I agree with Struges that we artists must insist on exhibiting our work to

the masses and the Academy’s twenty-five cent admission charge contradicts this

notion. The common man cannot afford the luxury to ignore what is coming. And

something is coming. The Art Union’s free admittance will provide for a greater

avenue to the minds of all men. As such I have decided that upon my return I will

engage them to exhibit the Washington series. I think Sturges whispers this

advice in his letter. Before approaching The Union, however, I would like your

opinion on the subject. I do not also want to risk my achievement of status as

Academician, which I hope will be the Council’s response to my newest

submission this June, entitled Millenium. I am nearly positive they will not see

the work for what it is, but rather esteem it more traditional, but I enclose a study

of it so that you may see for yourself my thinking.

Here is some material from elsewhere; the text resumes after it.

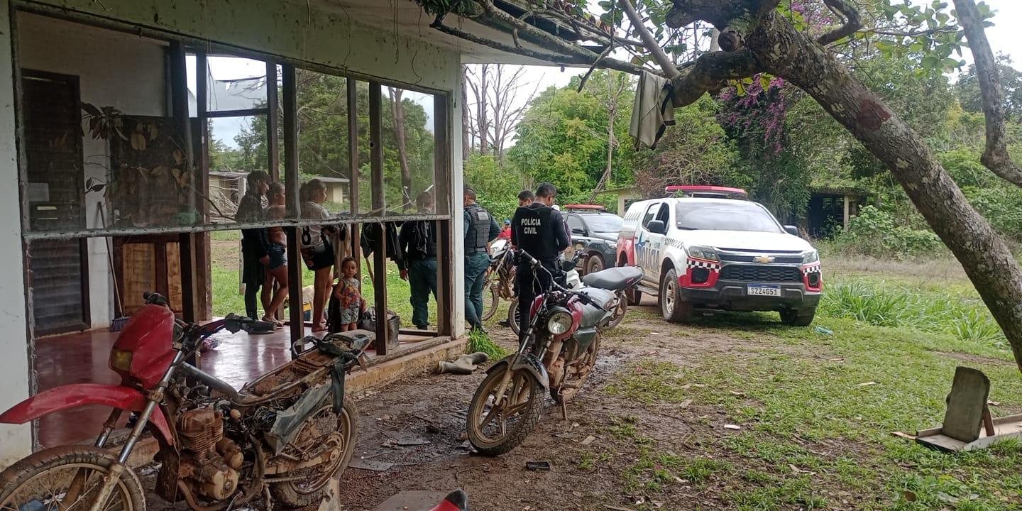 Já no local uma ds partes disse para a policia que estariam tentando tomar suas terras, inclusive proferindo ameaças contra sua pessoa e seus familiares, mediante uso de arma de fogo. Já no local , na residência dos suspeitos um deles de nome VALDECI VILHENA DOS SANTOS, encontravam-se no local tanto este quanto RAIMUNDO VILHENA DOS SANTOS, foram surpreendidos ´pelos policiais na posse de 03 (três) armas de fogo do tipo espingarda, sendo: 01 (uma) espingarda calibre "28", 01 (uma) espingarda calibre "32" e 01 (uma) espingarda calibre "36", todas com numeração ilegivel, no local a policia tambem aprendeu cartuchos das armas , as informações de que RAIMUNDO VILHENA DOS SANTOS ainda tentou se evadir do local mais foi contido por policiais, na sequencia as partes foram conduzidas e apresentadas na delegacia da Policia Civil.

The representation is not direct translation of Isaiah but a wary one at that.

(In case you are wondering, Michael A. posed for the child.) The Leopard and kid

shall lie down together, but here the Leopard keeps watch for enemies from afar,

a building blustery cloud ensues, and the true hunter, the Lioness, engages the

viewer directly. Her strong physique shadows the kid, who sleeps not with the

Lion, who is slumbers well, but instead lies warily, one eye on the Rosy Croix

where the open rose bloom represents the four unities – body, mind, desire and

will – faded and fallen from the center as it begins to disintegrate.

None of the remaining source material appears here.